Stored entries ::

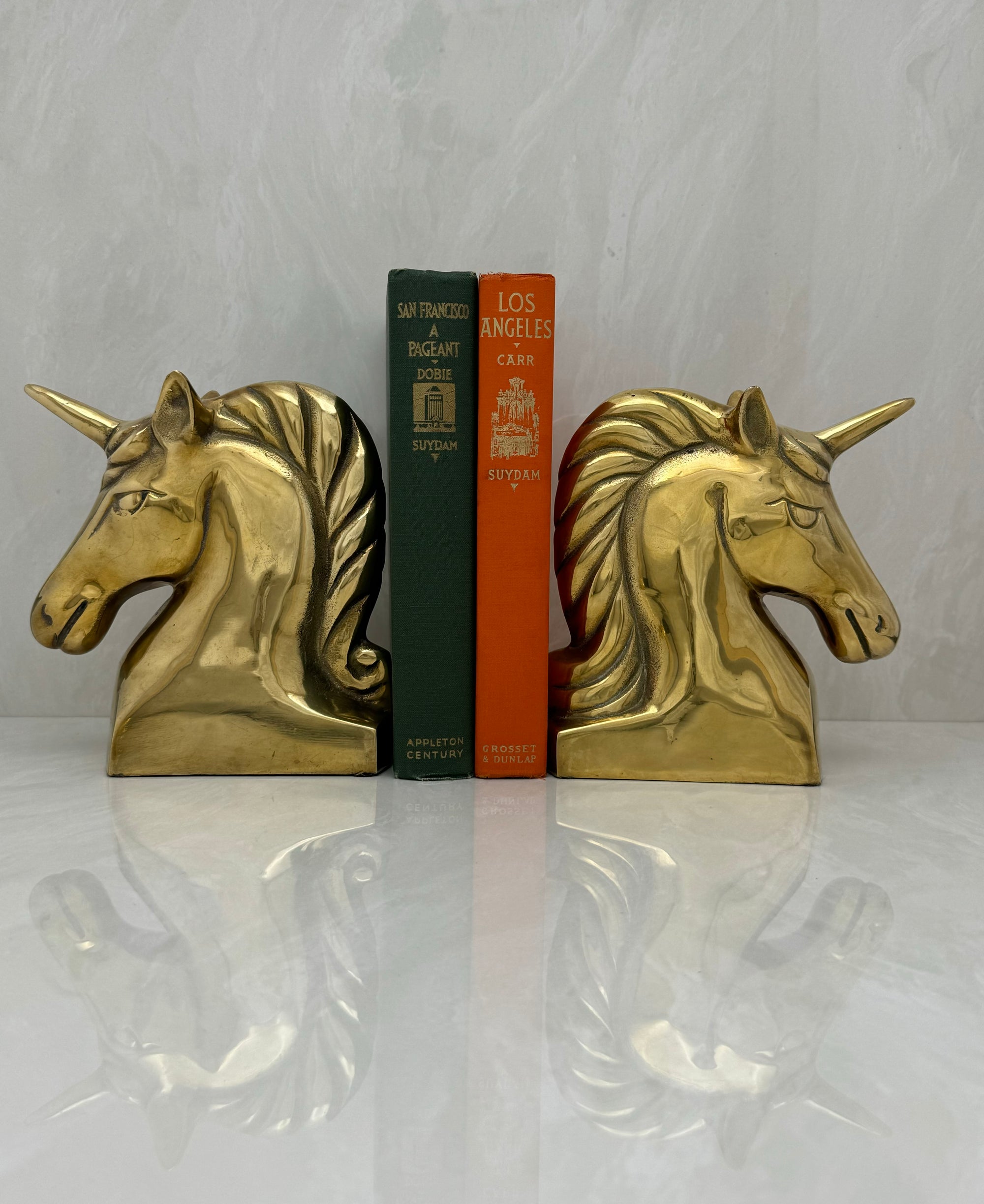 Vintage Dolbi Cashier Brass Unicorn Bookends (1980s)
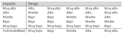 - Riesgo calculado: se define en torno a los valores calculados de vulnerabilidad y el impacto producido y es solo un indicador que ayuda a tomar una decisión.
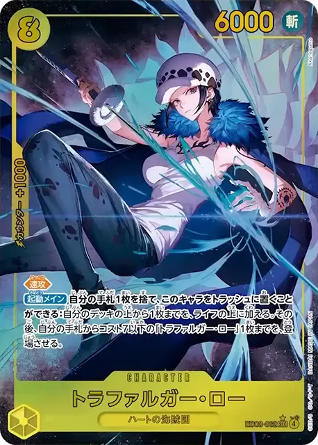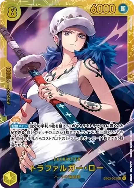 | テキスト 速攻 起動メイン自分の手札1枚を捨て、このキャラをトラッシュに置くことができる:自分のデッキの上から1枚までを、ライフの上に加える。その後、自分の手札からコスト7以下の「トラファルガー・ロー」1枚までを、登場させる。 | |||
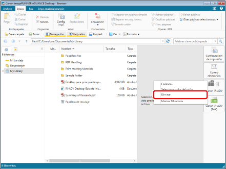 O bien seleccione el menú [Archivo] > [Herramientas] > [Configuración de la barra de salida] > (nombre de impresora) > [Eliminar].
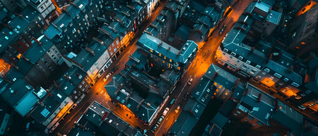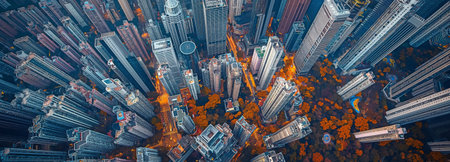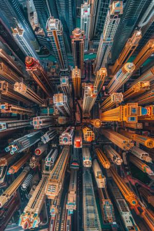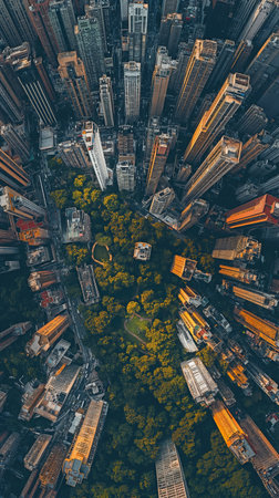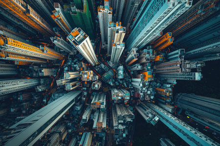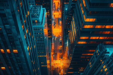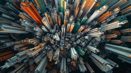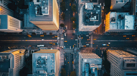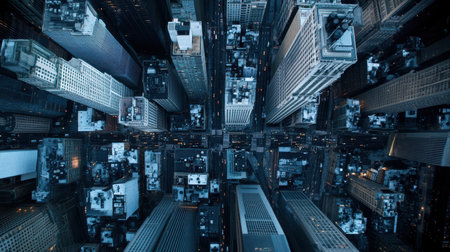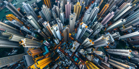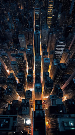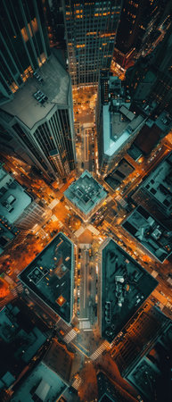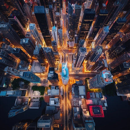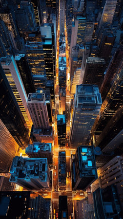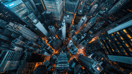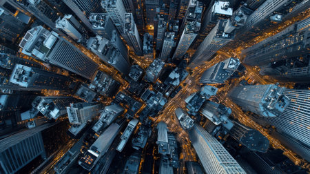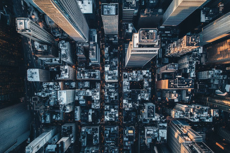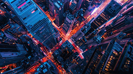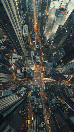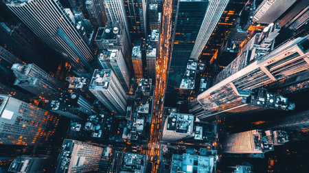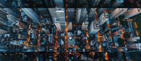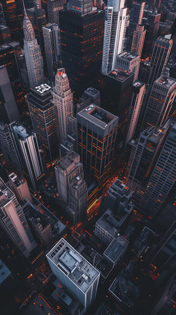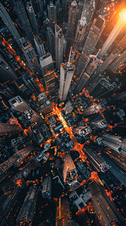Stunning aerial view of a bustling urban cityscape at dusk, showcasing towering skyscrapers illuminated by city lights. The intricate layout reveals dynamic energy and architectural beauty.
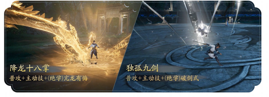 - 武学系统革新:在全面重制 1.0 每一招武学的基础上,全新打造了近百招新武学,其中不乏大家耳熟能详的降龙十八掌、打狗棒法、独孤九剑等传世经典。游戏邀请专业知名动捕演员演绎武术招式,出招干脆利落,力道刚柔并济,武学的韵味自然流露。此外,PVP 玩法也进行了彻底重制,不再是数值的碾压,而是回归到武学招式的本源,玩家可以凭借自身对武学的理解,在自由武学的支持下,通过策略与操作进行武侠博弈。

EXERCISE DIRECTIONS ::
Would you give the data above again word for word, minus the pictures?

RESULT ::
 Vintage Dolbi Cashier Brass Unicorn Bookends (1980s)
 - Riesgo calculado: se define en torno a los valores calculados de vulnerabilidad y el impacto producido y es solo un indicador que ayuda a tomar una decisión.
 | テキスト 速攻 起動メイン自分の手札1枚を捨て、このキャラをトラッシュに置くことができる:自分のデッキの上から1枚までを、ライフの上に加える。その後、自分の手札からコスト7以下の「トラファルガー・ロー」1枚までを、登場させる。 | |||
 O bien seleccione el menú [Archivo] > [Herramientas] > [Configuración de la barra de salida] > (nombre de impresora) > [Eliminar].
Stunning aerial view of a bustling urban cityscape at dusk, showcasing towering skyscrapers illuminated by city lights. The intricate layout reveals dynamic energy and architectural beauty.
 - 武学系统革新:在全面重制 1.0 每一招武学的基础上,全新打造了近百招新武学,其中不乏大家耳熟能详的降龙十八掌、打狗棒法、独孤九剑等传世经典。游戏邀请专业知名动捕演员演绎武术招式,出招干脆利落,力道刚柔并济,武学的韵味自然流露。此外,PVP 玩法也进行了彻底重制,不再是数值的碾压,而是回归到武学招式的本源,玩家可以凭借自身对武学的理解,在自由武学的支持下,通过策略与操作进行武侠博弈。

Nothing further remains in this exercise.